An accelerated bookbuilding for 61.1 million EADS shares, or about 7.5 percent of the company, started Wednesday and is set to be completed Thurs, the Stuttgart, Germany-based company said in a statement. The owner of Mercedes-Benz will sell more of its remaining 7.5 percent stake after a lock-up period of 180 days from the end of the sale of the initial tranche.
“We intend to further reduce our equity interest in EADS,” Chief Financial Officer Bodo Uebber said Wednesday in a statement. “We want to concentrate on our core business of automotive manufacturing and mobility services.”
Daimler’s sale of EADS shares is part of an overhaul of the shareholder structure of the parent of planemaker Airbus SAS. Germany will join France in holding 12 percent of EADS as part of changes that will eliminate governments’ veto rights over business decisions. The agreement frees Daimler from the obligations of serving as Germany’s voice at EADS.

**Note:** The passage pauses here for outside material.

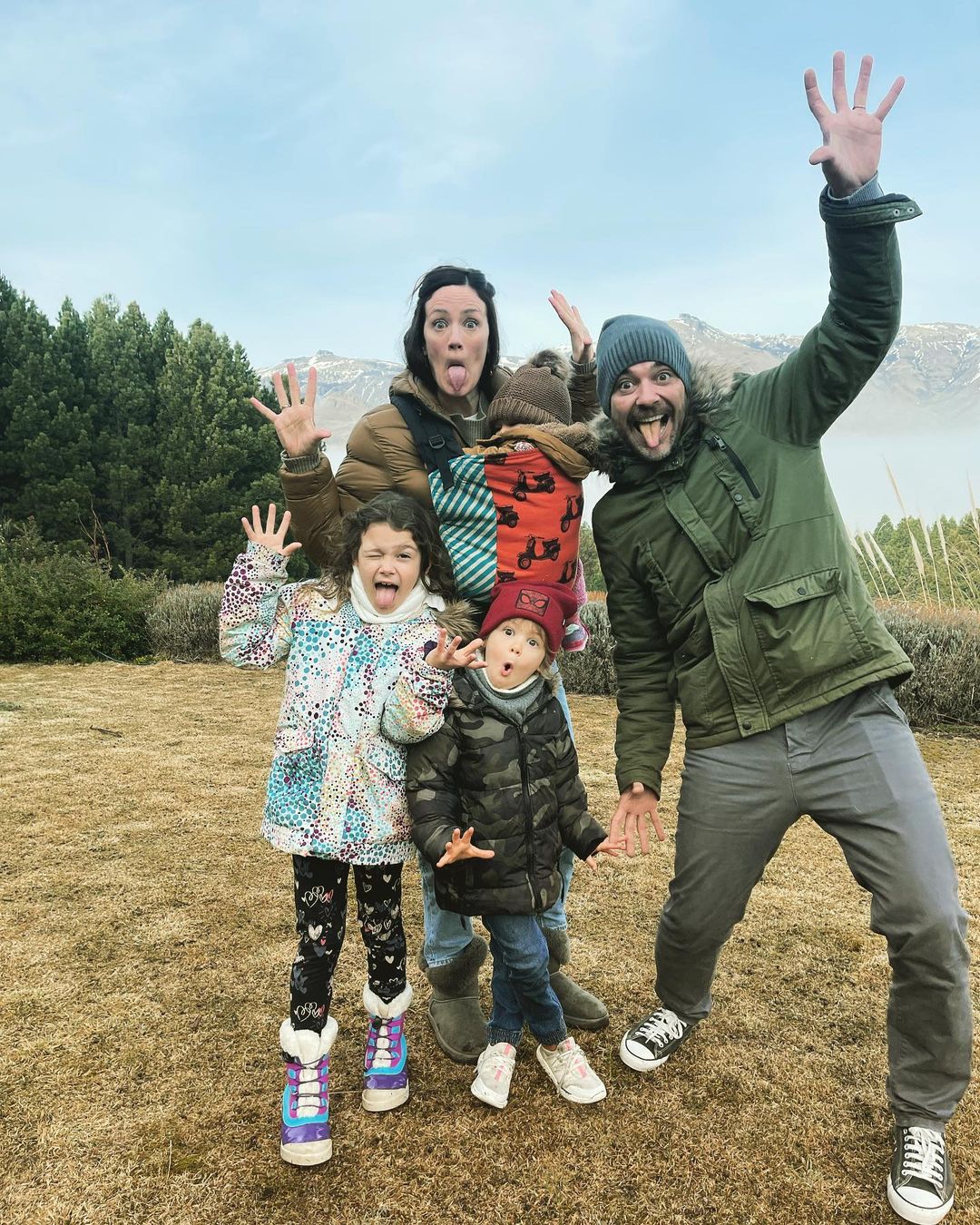“No somos muchos, no somos pocos”, escribió Pedro en su Instagram junto a una foto en la que está posando junto a su mujer, que lleva a Filipa en una mochila de porteo, Olivia y Baltazar. El productor mencionó el estribillo de la popular canción del grupo Los Caligaris, cuya continuación es “… pero estamos todos locos”. En la imagen, y haciendo honor al tema, los integrantes de la familia realizan distintas y divertidas caras y también gesticulan

Daimler’s sale will raise about 1.66 billion euros based on EADS’s closing share price yesterday of 27.23 euros in Paris. The German company plans to invest the money in its auto businesses, including in research and development. Much of the 7.5 percent holding is already earmarked.
EADS shares have risen 23 percent over the past 12 months, valuing the company at 22.5 billion euros. Daimler stock has gained 9.9 percent over the same period, for a market capitalization of 40.8 billion euros.
Germany’s KfW bank, which will hold the government’s stake, will buy a 2.76 percent holding from Daimler. Existing shareholders in the Dedalus consortium will buy 1.9 percent of EADS from Daimler, which is also the world’s largest maker of commercial vehicles.
Daimler, which helped create EADS by merging its Dasa aerospace unit into the company, will decide on the timing and process for further sales in “due course,” Uebber said yesterday.
Morgan Stanley and Goldman Sachs are joint bookrunners for Daimler’s EADS sale, while JP Morgan is the manufacturer’s financial adviser.